Tortilla Curtain sets a great precedent for the future in the regards of unity. The world will not be able to push much further without recognizing and empathizing one another for who we truly are: Human beings with a head on our shoulders and dreams in our heart. Mostly everyone wants to just have a good life, but there are many obstacles in the way (Whether they are the more mundane and less threatening, or very real and tragic struggles that are quite horrifying, such as Candido and America’s situation). These obstacles are naturally more challenging for minorities and for white people we must understand that the world is indeed a more challenging and less forgiving place for people of darker complexion. God knows why and how this happened, but realizing this, and taking about solutions in order for true equality is not only fair, but also mandatory.

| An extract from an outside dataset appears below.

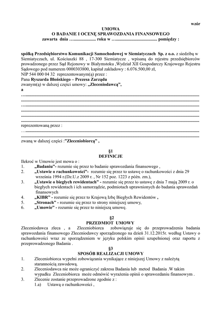 wzór UMOWA O BADANIE I OCENĘ SPRAWOZDANIA FINANSOWEGO zawarta dnia ….................... roku w …..................................... pomiędzy : spółką Przedsiębiorstwo Komunikacji Samochodowej w Siemiatyczach Sp. z o.o. z siedzibą w Siemiatyczach, ul. Kościuszki 88 , 17-300 Siemiatycze , wpisaną do rejestru przedsiębiorców prowadzonego przez Sąd Rejonowy w Białymstoku ,Wydział XII Gospodarczy Krajowego Rejestru Sądowego pod numerem 0000303800, kapitał zakładowy : 6.076.500,00 zł, NIP 544 000 04 32 reprezentowanym(ą) przez : Pana Ryszarda Błońskiego – Prezesa Zarządu zwanym(ą) w dalszej części umowy: „Zleceniodawcą”, a …............................................................................................................................................................ ................................................................................................................................................................ …............................................................................................................................................................ ................................................................................................................................................................ ................................................................................................................................................................ ................................................................................................................................................................ reprezentowaną przez : …............................................................................................................................................................ ................................................................................................................................................................ zwaną w dalszej części :”Zleceniobiorcą” , §1 DEFINICJE Ilekroć w Umowie jest mowa o : 1. „Badaniu”- rozumie się przez to badanie sprawozdania finansowego , 2. „Ustawie o rachunkowości”- rozumie się przez to ustawę o rachunkowości z dnia 29 września 1994 r.(Dz.U.z 2009 r. , Nr 152 poz. 1223 z późn. zm.), 3. „Ustawie o biegłych rewidentach” - rozumie się przez to ustawę z dnia 7 mają 2009 r. o biegłych rewidentach i ich samorządzie, podmiotach uprawnionych do badania sprawozdań finansowych 4. „KIBR” - rozumie się przez to Krajową Izbę Biegłych Rewidentów , 5. „Stronach” - rozumie się przez to strony niniejszej umowy, 6. „Umowie” - rozumie się przez to niniejszą umowę. §2 PRZEDMIOT UMOWY Zleceniodawca zleca , a Zleceniobiorca zobowiązuje się do przeprowadzenia badania sprawozdania finansowego Zleceniodawcy sporządzonego na dzień 31.12.2015r. według Ustawy o rachunkowości wraz ze sporządzeniem w języku polskim opinii uzupełnionej oraz raportu z przeprowadzonego Badania . §3 SPOSÓB REALIZACJI UMOWY 1. Zleceniobiorca wypełni zobowiązania wynikające z niniejszej Umowy z należytą starannością zawodową. 2. Zleceniodawca nie może ograniczyć zakresu Badania lub metod Badania .W takim wypadku Zleceniobiorca może odmówić wyrażenia opinii o sprawozdaniu finansowym . 3. Zlecenie zostanie przeprowadzone zgodnie z : 1.a) Ustawą o rachunkowości , 1.b) krajowymi standardami rewizji finansowej wydanymi przez KIBR, Ustawą o biegłych rewidentach , 4. Po wcześniejszym uzgodnieniu ze Zleceniodawcą , Zleceniobiorca jest upoważniony do otrzymania od kontrahentów Spółki i innych podmiotów wszelkich informacji , które Zleceniobiorca uzna za stosowne . §4 CZAS REALIZACJI UMOWY 1. Czynności związane z Badaniem będą przez Zleceniobiorcę wykonane do dnia 15.03.2016 r. pod warunkiem udostępnienia Zleceniobiorcy przez Zleceniodawcę do badania ksiąg rachunkowych (w tym dowodów księgowych) oraz niezbędnych danych i informacji o których mowa w §5. 2. Zleceniodawca przekaże Zleceniobiorcy sprawozdanie finansowe , będące przedmiotem Badania w terminie nieprzekraczalnym do dnia 15.02.2016r. 3. W przypadku niedotrzymania przez Zleceniodawcę terminu, o którym mowa w ust.2 ,okres Badania przez Zleceniobiorcę zostanie ponownie ustalony przez Strony , z uwzględnieniem możliwości wywiązania się z procedury zatwierdzania sprawozdania finansowego przez Zleceniodawcę . W przypadku niedotrzymania przez Zleceniodawcę terminów ustalonych w sposób , o którym mowa w zdaniu poprzednim powyższy harmonogram prac zostanie ponownie ustalony przez Zleceniodawcę . 4. Zleceniodawca otrzyma podpisane i parafowane siedem egzemplarzy opinii uzupełnionej o raport z Badania w wersji polskiej . 5. Każdy dodatkowy egzemplarz , uzgodniony ze Zleceniodawcą , będzie rozliczany według cennika usług Zleceniobiorcy . §5 OBOWIĄZKI ZLECENIODAWCY 1. Aby umożliwić Zleceniobiorcy prawidłowe wykonywanie niniejszej umowy , Zleceniodawca zobowiązuje się do : 1. udostępnienia wykonawcom umowy desygnowanym przez Zleceniobiorcę : a) kompletnych dokumentów organizacyjnych przedsiębiorstwa , b) umów zawartych przez Zleceniodawcę, udzielonych przez niego gwarancji, a także innych dokumentów tego rodzaju, c) sprawozdania finansowego oraz ksiąg rachunkowych i dowodów księgowych, d) wszelkich innych dokumentów mających związek z przedmiotem niniejszej umowy; 2. udzielenia wyczerpujących informacji i wyjaśnień niezbędnych do opracowania opinii i raportu z Badania : 3. składania przedstawicielom Zleceniobiorcy pisemnych oświadczeń , dotyczących między innymi: a) uznania przez kierownictwo Zleceniodawcy odpowiedzialności za prawidłowość i rzetelność sprawozdania finansowego , b) stwierdzenia, że według wiedzy i najlepszej wiary Zleceniodawcy sprawozdanie finansowe , będące przedmiotem opinii jest wolne od istotnych błędów i przeoczeń, c) potwierdzenia kompletności udos

Equality should be the future, for we are all human and would like to succeed in this world. We are all equal as human beings at our core, and should only be judged on the content of our character. My advice is don’t be a somewhat shallow and hypocritical “world saver” like Delaney, but instead try to practice empathy and see yourself in other human beings, as well as the environment too, of course. We are all here to build a better life. This book made me feel more human in the sense that everyone is just a person, regardless of his or her skin color, upbringing, culture, and social interactions. No one person is better than another except solely based on their character and mindset. White, Mexican, or ANY culture for that matter deserves to be treated with dignity and decency, especially if they wish to do no harm.